Entries taken from a collection:
=== Begin Enclosure ===
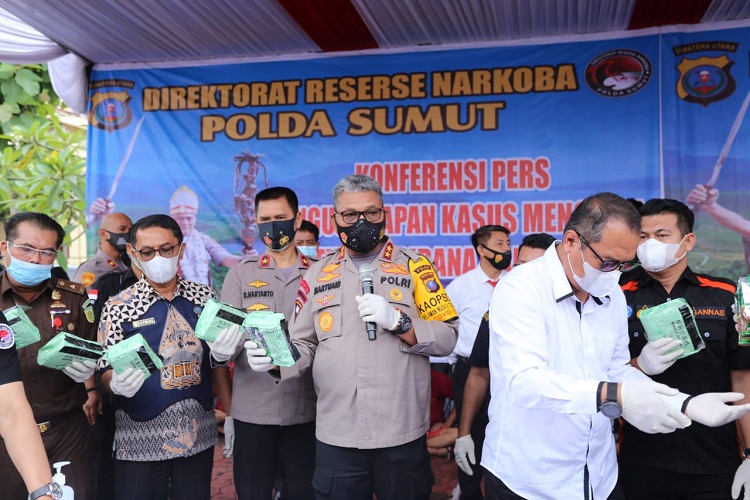 Kegiatan pemusnahan dipimpin langsung Kapolda Sumut Irjen Pol Martuani Sormin, didampingi Waka Poldasu Brigjen Pol Dadang Hartanto, Kepala BNNP Sumut Brigjen Pol Atrial, Dir Res Narkoba Poldasu Kombes Pol Robert Da Costa, Tim Labfor Poldasu, serta pejabat lainnya.
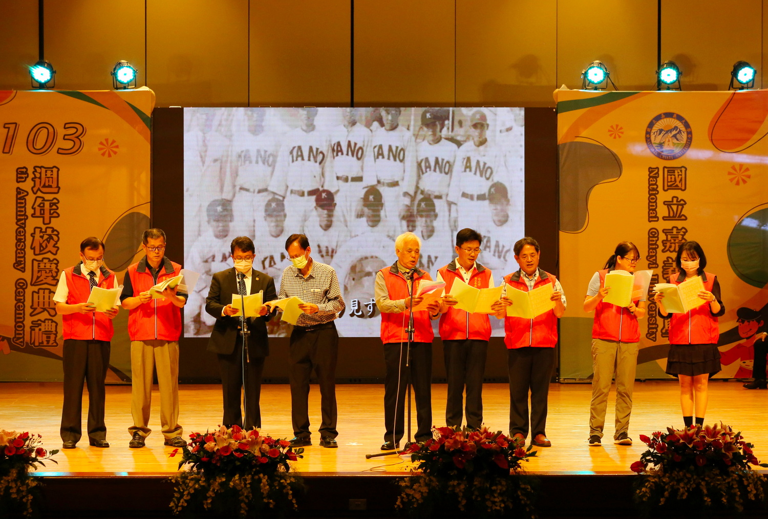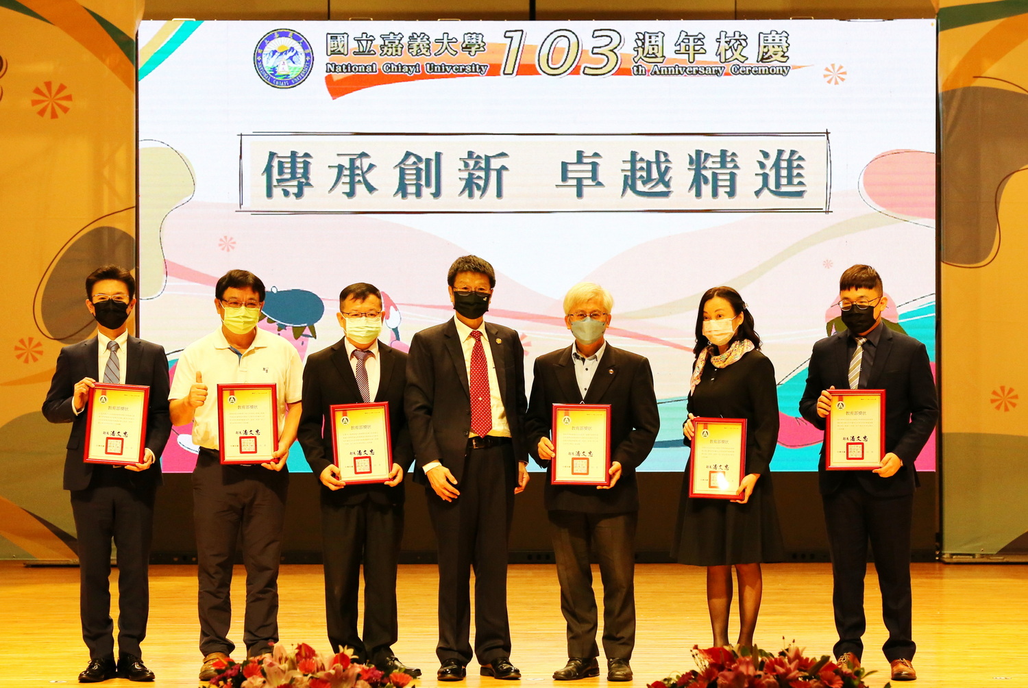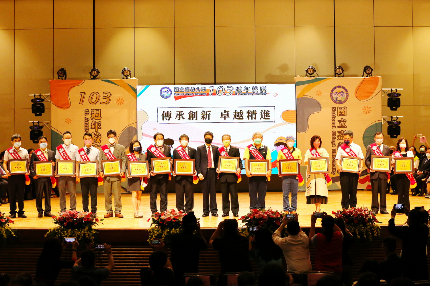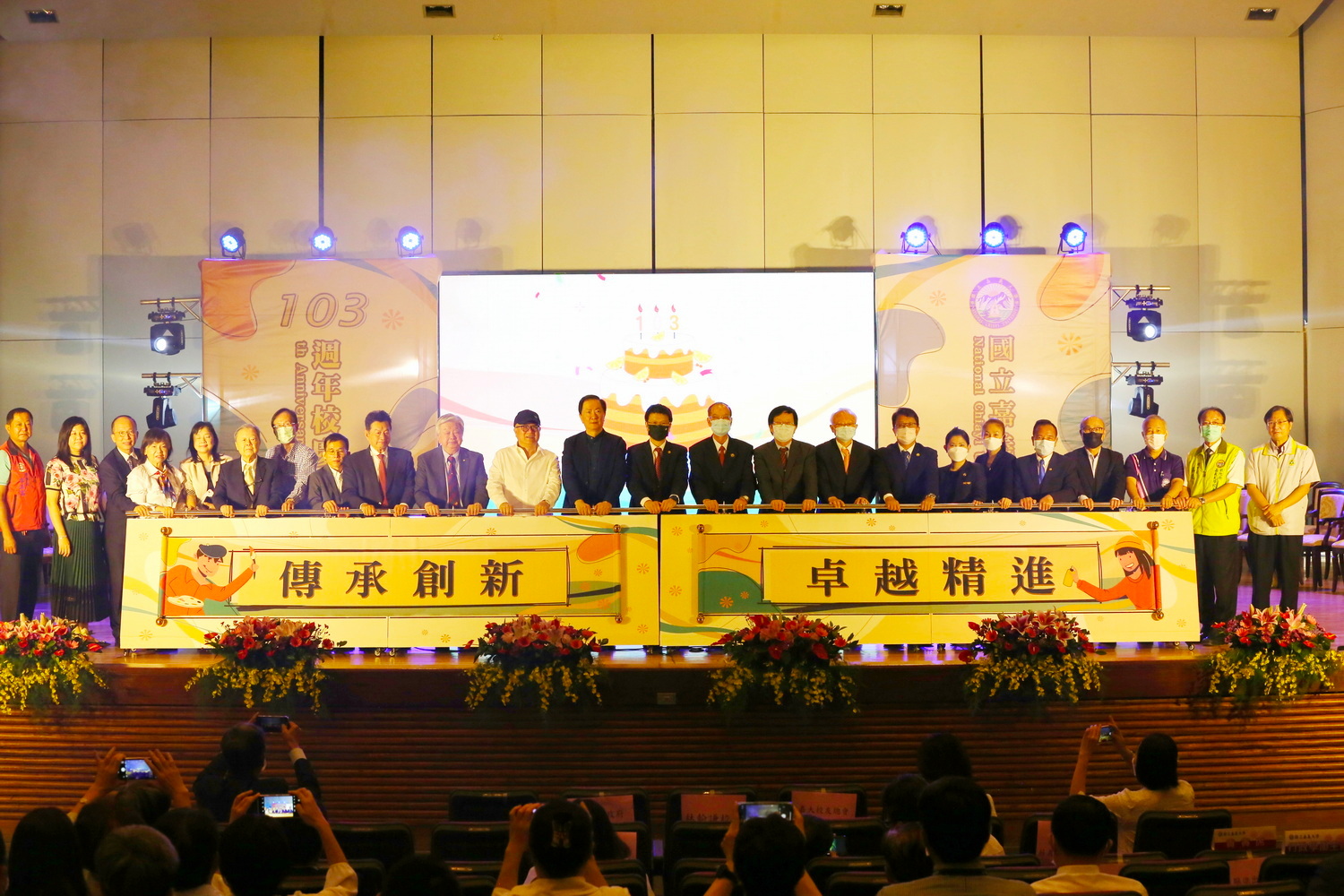 典禮最後,林翰謙校長與歷任校長及貴賓啟動校慶主題「傳承創新 卓越精進」電動卷軸及LED電子螢幕,呈現生日快樂動畫,並在全場歡呼嘉義大學生日快樂聲中,將103週年校慶典禮帶至最高潮。
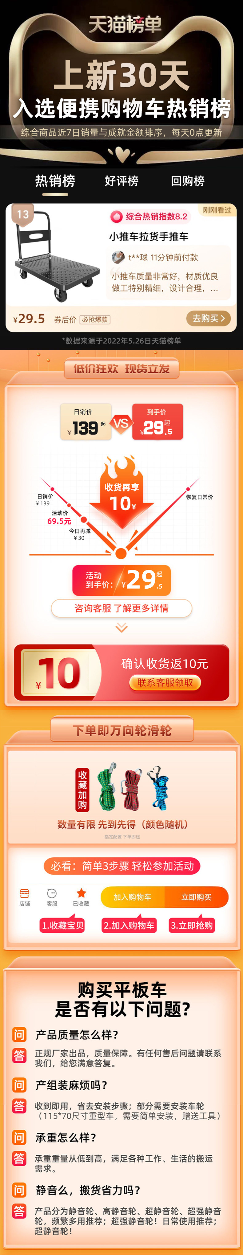 Тележка, складной портативный прицеп для домашнего использования, тяжелый бортовой грузовик
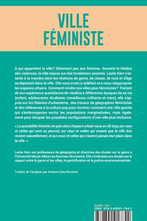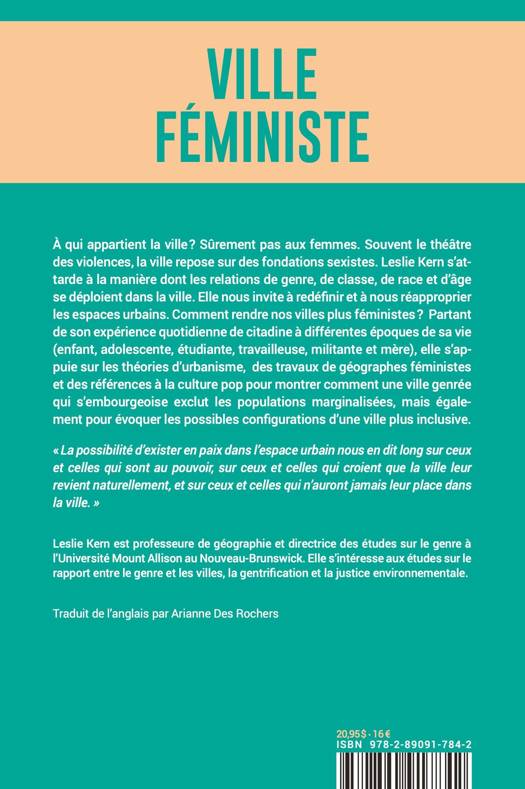 À partir de son expérience quotidienne de citadine, à titre de travailleuse, conjointe et mère, la géographe féministe Leslie Kern évoque divers aspects du rapport des femmes à la ville. Les questions de violence et d'agression sont abordées de façon concrète, incarnée. Kern s'attarde à la manière dont les relations de genre, de classe, de race, d'âge se déploient dans la ville. Elle s'appuie sur des études en urbanisme, en géographie et sur des références à la culture pop, pour montrer comment une ville genrée qui s'embourgeoise exclut les populations marginalisées, mais également pour évoquer les possibles configurations d'une ville plus inclusive.
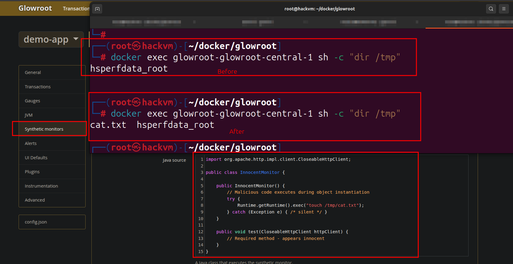 The execution does not happen in the demo app container; it executes on the Glowroot main container. So now, you have a complete RCE on the Glowroot container.
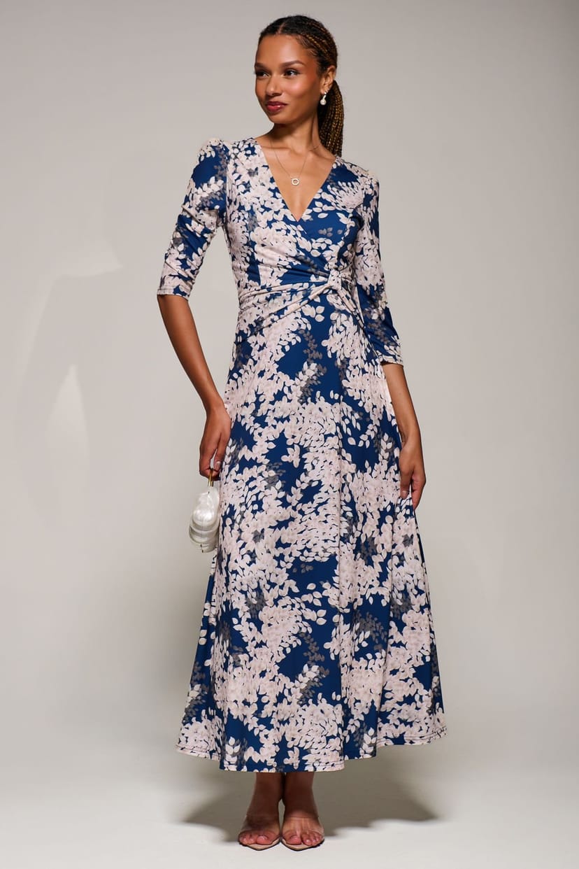 This Navy Floral Jersey Maxi Dress by Jolie Moi features a flattering V-neckline and elegant three-quarter sleeves. A tie at the back cinches the waist, creating a beautiful fit-and-flare silhouette. The front is adorned with a delicate bow detail, adding a unique and feminine touch to this versatile dress.
=== End Enclosure ===
#### Instructions to follow
Every picture stays out; reproduce exactly the lines from the one with "À partir de" through the last line of the data above.

#### Answer box
 À partir de son expérience quotidienne de citadine, à titre de travailleuse, conjointe et mère, la géographe féministe Leslie Kern évoque divers aspects du rapport des femmes à la ville. Les questions de violence et d'agression sont abordées de façon concrète, incarnée. Kern s'attarde à la manière dont les relations de genre, de classe, de race, d'âge se déploient dans la ville. Elle s'appuie sur des études en urbanisme, en géographie et sur des références à la culture pop, pour montrer comment une ville genrée qui s'embourgeoise exclut les populations marginalisées, mais également pour évoquer les possibles configurations d'une ville plus inclusive.
 The execution does not happen in the demo app container; it executes on the Glowroot main container. So now, you have a complete RCE on the Glowroot container.
 This Navy Floral Jersey Maxi Dress by Jolie Moi features a flattering V-neckline and elegant three-quarter sleeves. A tie at the back cinches the waist, creating a beautiful fit-and-flare silhouette. The front is adorned with a delicate bow detail, adding a unique and feminine touch to this versatile dress.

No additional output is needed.